Santan Mengandung Kolesterol?

by admintv
0 comment

TV Tabalong – Momen Hari Raya Idul Fitri di Indonesia, khususnya Kalimantan Selatan, tak lengkapkalau tidak menyantap kuliner ketupat atau lontong. Cita rasa dari makanan tersebut tak perlu diragukan lagi.

Kuah dnegan campuran santan yang kental menjadi kunci utama kelezatan makanan lokal ini. Namun sebagian besar masyarakat masih percaya dan menolak menyantapnya, lantaran makanan bersantan mengandung kolesterol yang tinggi.

Nutrisionis Dinkes Tabalong, Catur Yudha Martopo menjelaskan, santan pada kelapa tidak mengandung kolestrol sama sekali. Namun jika dimasak dengan cara yang salah maka akan mengubah kandungan santan menjadi lemak jahat yang berdampak buruk bagi tubuh.

Padahal santan merupakan salah satu zat yang diperlukan tubuh dengan kandungan air, kalori, protein, lemak, karbohidrat, kalsium, fospor, zat besi dan lain sebagainya.

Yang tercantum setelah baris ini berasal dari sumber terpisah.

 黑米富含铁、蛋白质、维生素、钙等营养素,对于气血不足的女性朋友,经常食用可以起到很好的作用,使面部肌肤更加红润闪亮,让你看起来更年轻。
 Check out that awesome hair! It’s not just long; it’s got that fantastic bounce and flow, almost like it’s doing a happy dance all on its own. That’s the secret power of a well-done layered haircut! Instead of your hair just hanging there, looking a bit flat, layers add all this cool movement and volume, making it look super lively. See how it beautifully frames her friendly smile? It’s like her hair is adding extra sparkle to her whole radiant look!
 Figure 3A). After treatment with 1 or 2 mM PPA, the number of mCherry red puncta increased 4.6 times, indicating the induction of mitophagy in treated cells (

Jika dimasak dengan benar dan di makan sesuai porsi yang di butuhkan tubuh, maka santan mengandung banyak manfaat.

 “Santan dari kelapa itu tidak mengandung kolestrol sama sekali, yang salahnya adalah kalau dia dilakukan proses pemasakan yang melampaui dari batas pemasakannya sampai mengeluarkan minyak, apalagi kalau di panaskan berulang, jadi santan akan menjadi transfet atau lemak trans yang jadi jahat kalau dilakukan pemanasan berulang” Kata Catur Yudha Murtopo, Nutrisionis Dinkes Tabalong.

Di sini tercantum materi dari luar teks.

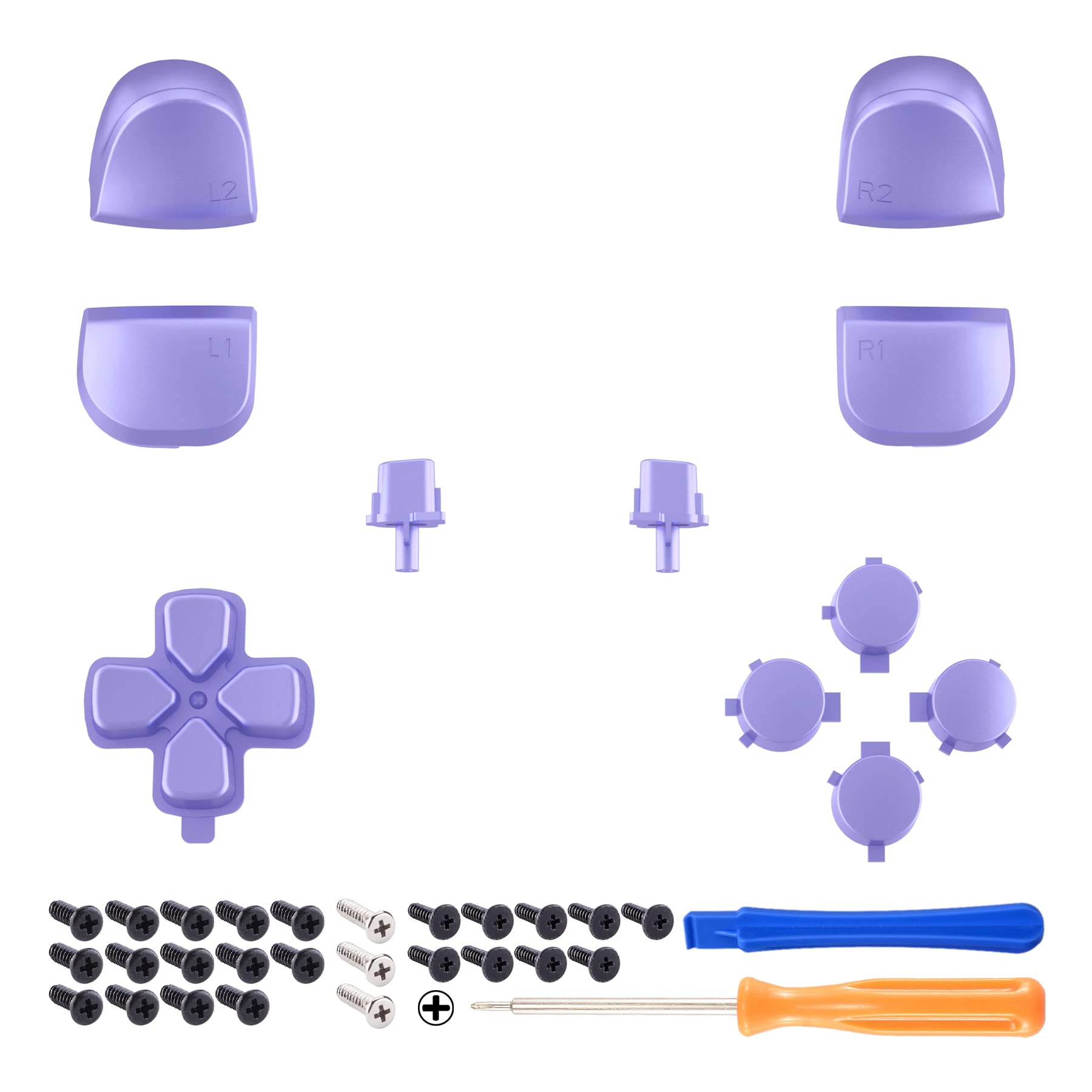 - Package includes: 1*Direction pad, 1* Action buttons set, 1* R1 L1 R2 L2 triggers, 1* Share Options buttons, 1* Cross screwdriver, 1* Open shell tool, and spare screws; Without the controller, thumbstick and any other parts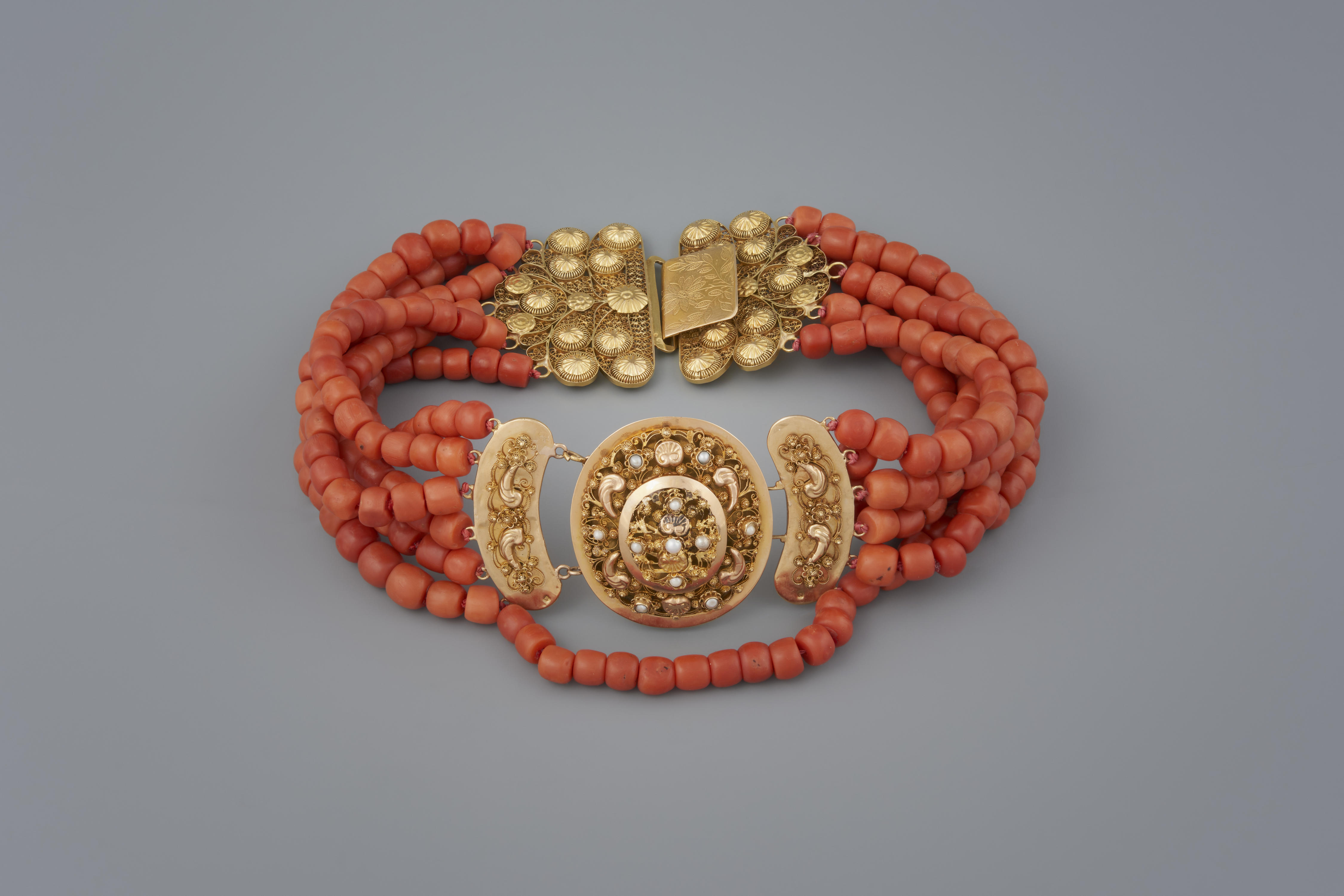 Halssnoer, bestaande uit zes strengen kralen van bloedkoraal en een gouden voor- en achterslot. Het voorslot is niet bedoeld als sluiting, maar is alleen voor de sier. Het meesterteken op het voorslot is onleesbaar. Het achterslot is tussen 1860-1875 vervaardigd door de gebroeders Jan en Evert Schotman uit Dordrecht. Dit type halssnoer is kenmerkend voor ...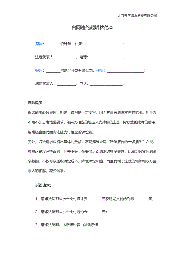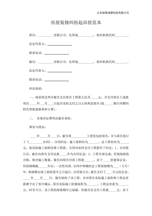 装修合同纠纷起诉状范本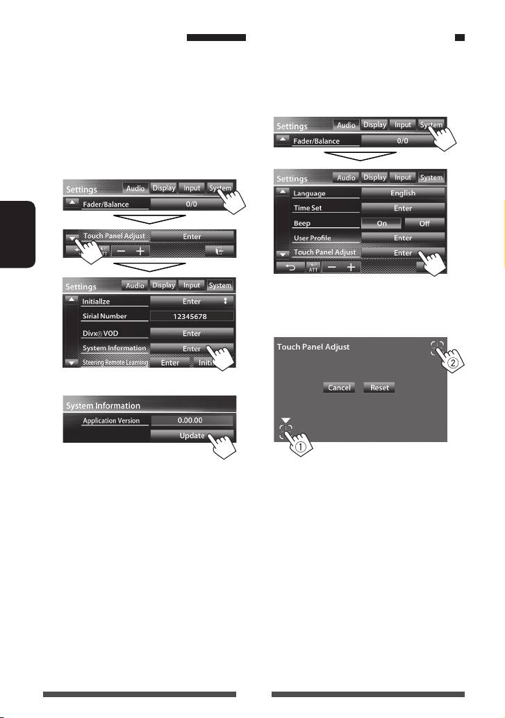 Регулировка позиции касания кнопок на экране. (☞ cтр. 50)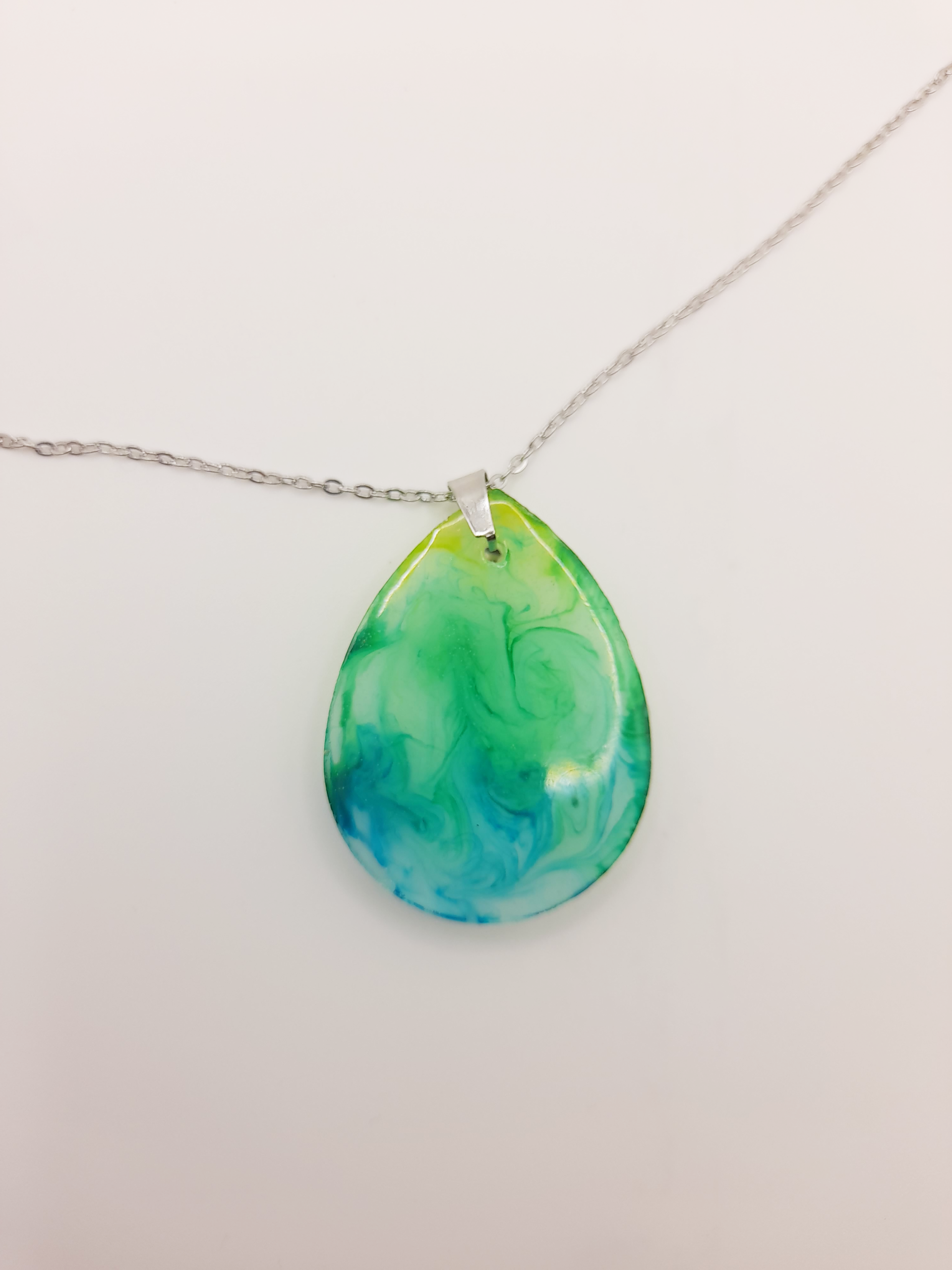 Stainless steel necklace featuring a teardrop resin pendant with flowing green and blue swirled colours for a calm, ocean-inspired look.

Dengan kandungan zat yang baik, santan merupakan salah satu makanan yang kaya akan manfaat jika di konsumsi dengan baik dan benar. Seperti, menjaga kesehatan jantung dan pembuluh darah, memelihara fungsi otak, mencegah kanker, meningkatkan sistem kekebalan tubuh dan lain sebagainya. (Gazali Rahman).